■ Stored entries
========================

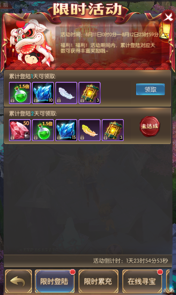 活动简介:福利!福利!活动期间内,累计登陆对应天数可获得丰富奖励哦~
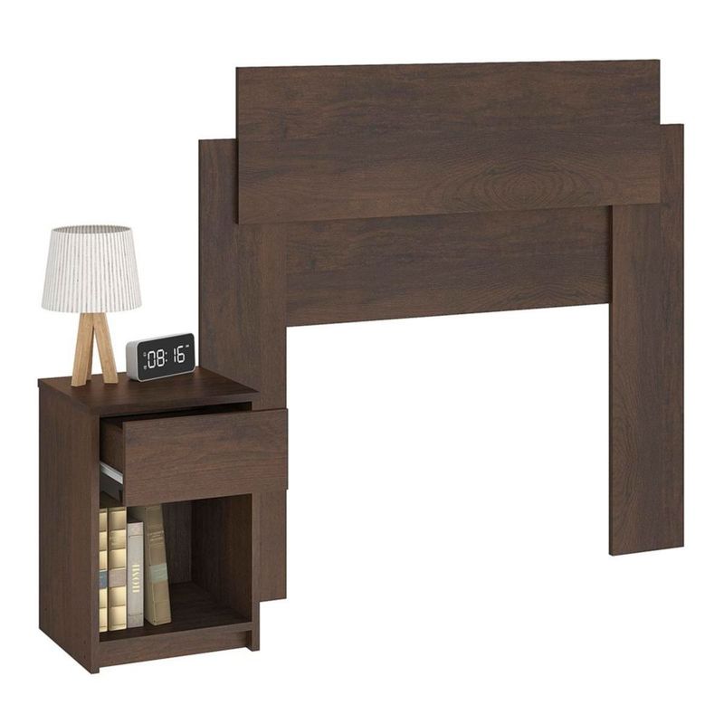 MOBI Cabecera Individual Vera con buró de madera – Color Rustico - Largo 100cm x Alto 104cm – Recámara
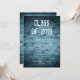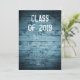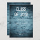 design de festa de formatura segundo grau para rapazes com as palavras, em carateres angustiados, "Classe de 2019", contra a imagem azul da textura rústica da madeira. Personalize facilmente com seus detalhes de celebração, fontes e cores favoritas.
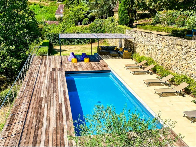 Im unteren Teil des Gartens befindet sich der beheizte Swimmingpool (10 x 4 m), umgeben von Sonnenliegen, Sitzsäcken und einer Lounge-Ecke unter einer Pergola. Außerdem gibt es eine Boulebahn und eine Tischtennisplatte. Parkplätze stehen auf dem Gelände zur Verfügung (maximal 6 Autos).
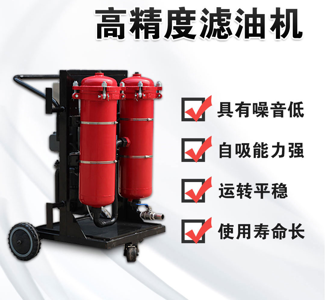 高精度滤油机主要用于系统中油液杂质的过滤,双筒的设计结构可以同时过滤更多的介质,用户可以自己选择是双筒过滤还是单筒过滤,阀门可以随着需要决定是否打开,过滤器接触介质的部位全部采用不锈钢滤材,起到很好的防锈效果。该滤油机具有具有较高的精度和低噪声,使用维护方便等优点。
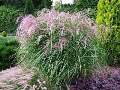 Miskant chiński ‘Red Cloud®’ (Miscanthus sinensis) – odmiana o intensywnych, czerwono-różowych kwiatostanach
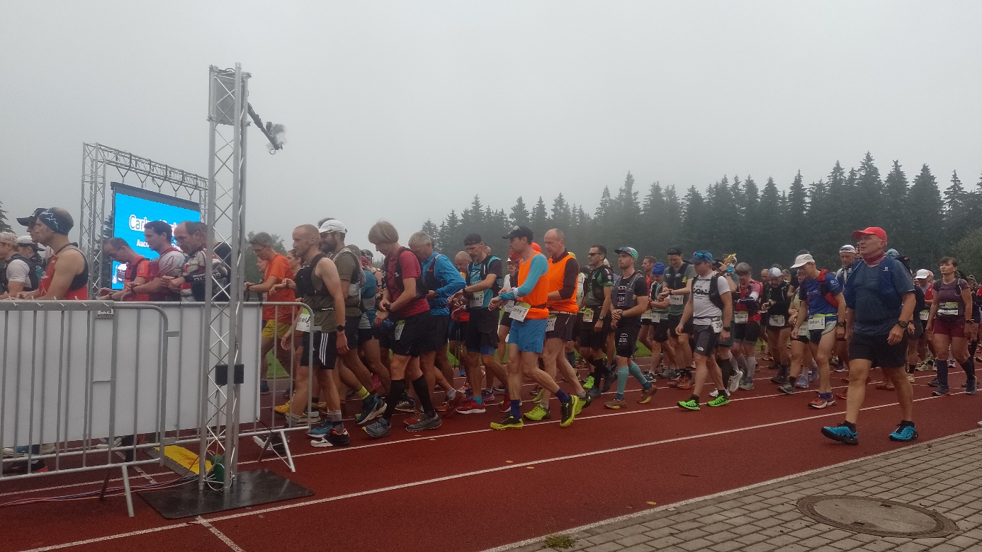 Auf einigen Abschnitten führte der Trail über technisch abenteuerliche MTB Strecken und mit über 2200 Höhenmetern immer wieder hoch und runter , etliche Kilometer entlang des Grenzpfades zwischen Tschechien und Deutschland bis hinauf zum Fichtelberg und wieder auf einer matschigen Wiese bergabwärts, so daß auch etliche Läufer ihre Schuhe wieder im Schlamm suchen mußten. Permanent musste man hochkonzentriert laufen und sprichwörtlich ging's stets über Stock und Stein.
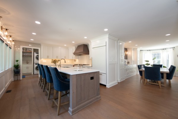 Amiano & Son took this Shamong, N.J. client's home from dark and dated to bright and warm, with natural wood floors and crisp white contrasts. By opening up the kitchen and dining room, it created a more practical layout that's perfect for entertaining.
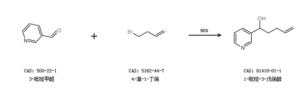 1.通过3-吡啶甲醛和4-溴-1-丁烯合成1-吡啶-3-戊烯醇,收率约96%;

========================

■ Task goal
The answer must be an exact copy of the entries, with the pictures omitted.

■ Output of the task
 活动简介:福利!福利!活动期间内,累计登陆对应天数可获得丰富奖励哦~
 MOBI Cabecera Individual Vera con buró de madera – Color Rustico - Largo 100cm x Alto 104cm – Recámara
 design de festa de formatura segundo grau para rapazes com as palavras, em carateres angustiados, "Classe de 2019", contra a imagem azul da textura rústica da madeira. Personalize facilmente com seus detalhes de celebração, fontes e cores favoritas.
 Im unteren Teil des Gartens befindet sich der beheizte Swimmingpool (10 x 4 m), umgeben von Sonnenliegen, Sitzsäcken und einer Lounge-Ecke unter einer Pergola. Außerdem gibt es eine Boulebahn und eine Tischtennisplatte. Parkplätze stehen auf dem Gelände zur Verfügung (maximal 6 Autos).
 高精度滤油机主要用于系统中油液杂质的过滤,双筒的设计结构可以同时过滤更多的介质,用户可以自己选择是双筒过滤还是单筒过滤,阀门可以随着需要决定是否打开,过滤器接触介质的部位全部采用不锈钢滤材,起到很好的防锈效果。该滤油机具有具有较高的精度和低噪声,使用维护方便等优点。
 Miskant chiński ‘Red Cloud®’ (Miscanthus sinensis) – odmiana o intensywnych, czerwono-różowych kwiatostanach
 Auf einigen Abschnitten führte der Trail über technisch abenteuerliche MTB Strecken und mit über 2200 Höhenmetern immer wieder hoch und runter , etliche Kilometer entlang des Grenzpfades zwischen Tschechien und Deutschland bis hinauf zum Fichtelberg und wieder auf einer matschigen Wiese bergabwärts, so daß auch etliche Läufer ihre Schuhe wieder im Schlamm suchen mußten. Permanent musste man hochkonzentriert laufen und sprichwörtlich ging's stets über Stock und Stein.
 Amiano & Son took this Shamong, N.J. client's home from dark and dated to bright and warm, with natural wood floors and crisp white contrasts. By opening up the kitchen and dining room, it created a more practical layout that's perfect for entertaining.
 1.通过3-吡啶甲醛和4-溴-1-丁烯合成1-吡啶-3-戊烯醇,收率约96%;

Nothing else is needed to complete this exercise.